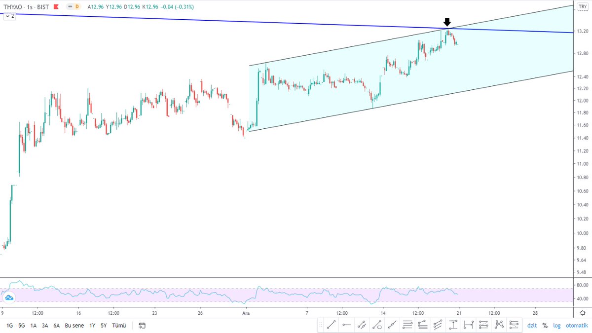 7- #Thyao hissesinde saatlik grafik de aşağıdaki gibi. Bir kanal oluşmuş ve fiyat yine bu log grafikteki düşen ile kanal tepesinin kesiştiği yerden dönmüş.
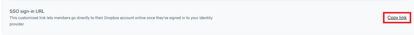 1. Open your browser and navigate to the SSO sign-in URL that you can find in your Dropbox settings:
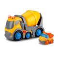 Kiddy Go! Míchačka s efekty. Balení obsahuje auto o velikosti 31 cm a malé autíčko. Míchačka nabízí světelné a zvukové efekty pro větší zábavu. Efekty se aktivují stiskem tlačítka na střeše kabiny. Návěs s míchačkou je možné otáčet. Kolečka na volnoběh. Auto vyžaduje 2xAA baterie, jsou součástí. Vhodné pro děti od 18ti měsíců. Na baterie: 2x AA (jsou součástí balení)
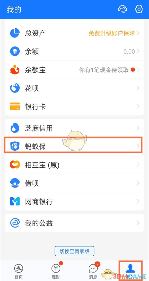 1、首先進入支付寶的“我的”頁面,點擊“螞蟻?!?。
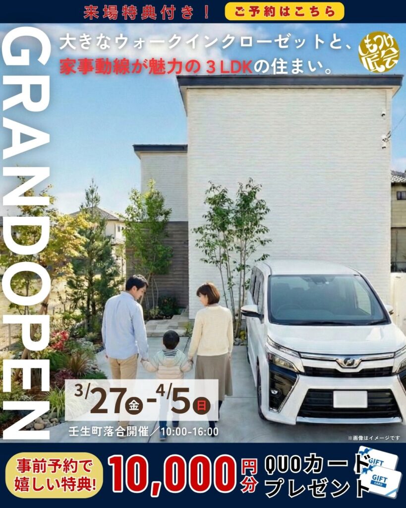 「しもつけ匠会」から、収納力と暮らしやすさを追求した「壬生東小モデル」がグランドオープンします。
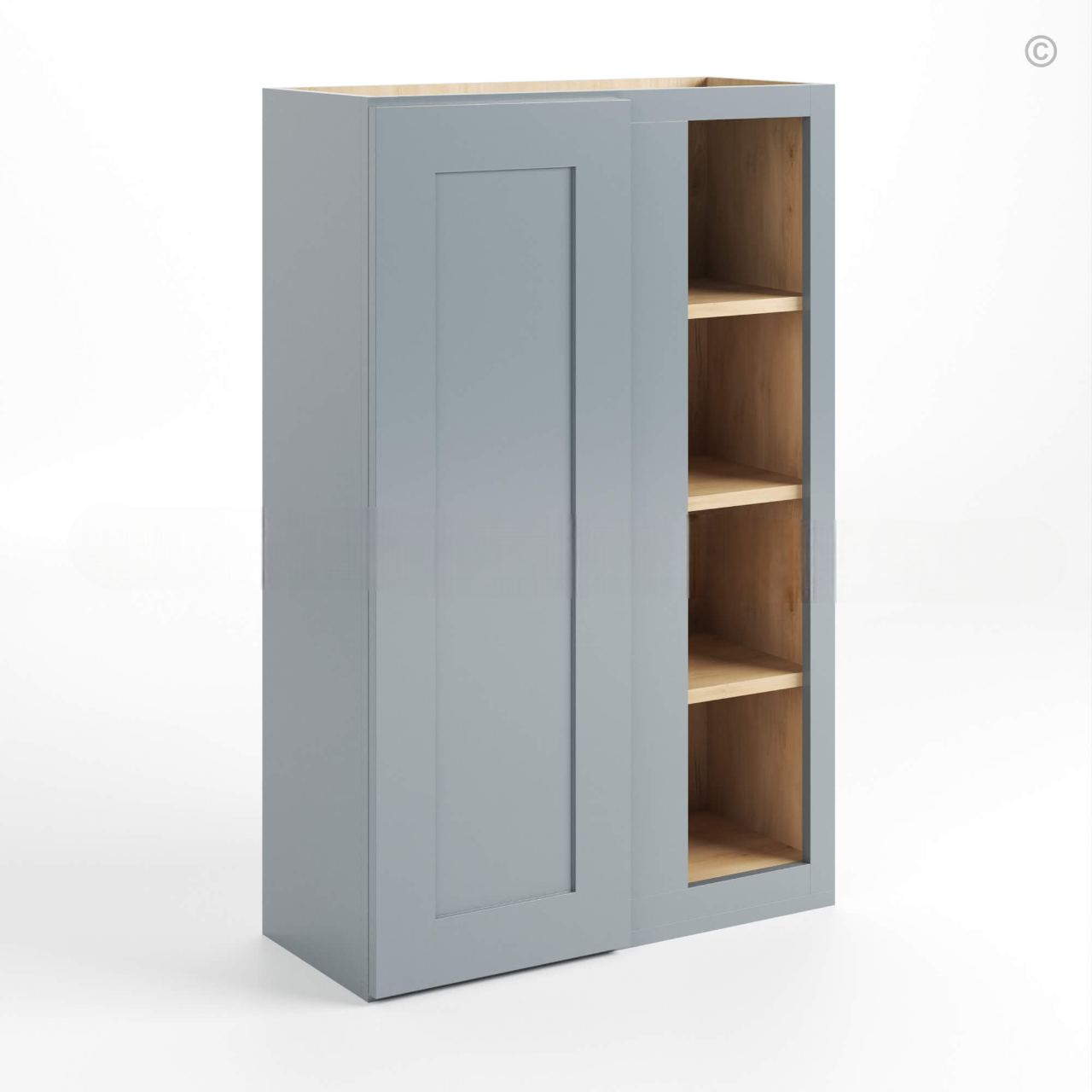 Our Gray Shaker 42 H Wall Blind Cabinet is 42″ tall, 12″ deep, and available in 3 different widths (24″, 27″, 36″). This gray shaker cabinet will fit perfectly in your kitchen or bathroom. The brilliant shade of shaker gray cabinets will make your rooms exude modernity and quality.

-- -- --

__Problem description__
Restate the entries above word for word, keeping pictures out of the copy.

__Solution to the exercise__
 7- #Thyao hissesinde saatlik grafik de aşağıdaki gibi. Bir kanal oluşmuş ve fiyat yine bu log grafikteki düşen ile kanal tepesinin kesiştiği yerden dönmüş.
 1. Open your browser and navigate to the SSO sign-in URL that you can find in your Dropbox settings:
 Kiddy Go! Míchačka s efekty. Balení obsahuje auto o velikosti 31 cm a malé autíčko. Míchačka nabízí světelné a zvukové efekty pro větší zábavu. Efekty se aktivují stiskem tlačítka na střeše kabiny. Návěs s míchačkou je možné otáčet. Kolečka na volnoběh. Auto vyžaduje 2xAA baterie, jsou součástí. Vhodné pro děti od 18ti měsíců. Na baterie: 2x AA (jsou součástí balení)
 1、首先進入支付寶的“我的”頁面,點擊“螞蟻?!?。
 「しもつけ匠会」から、収納力と暮らしやすさを追求した「壬生東小モデル」がグランドオープンします。
 Our Gray Shaker 42 H Wall Blind Cabinet is 42″ tall, 12″ deep, and available in 3 different widths (24″, 27″, 36″). This gray shaker cabinet will fit perfectly in your kitchen or bathroom. The brilliant shade of shaker gray cabinets will make your rooms exude modernity and quality.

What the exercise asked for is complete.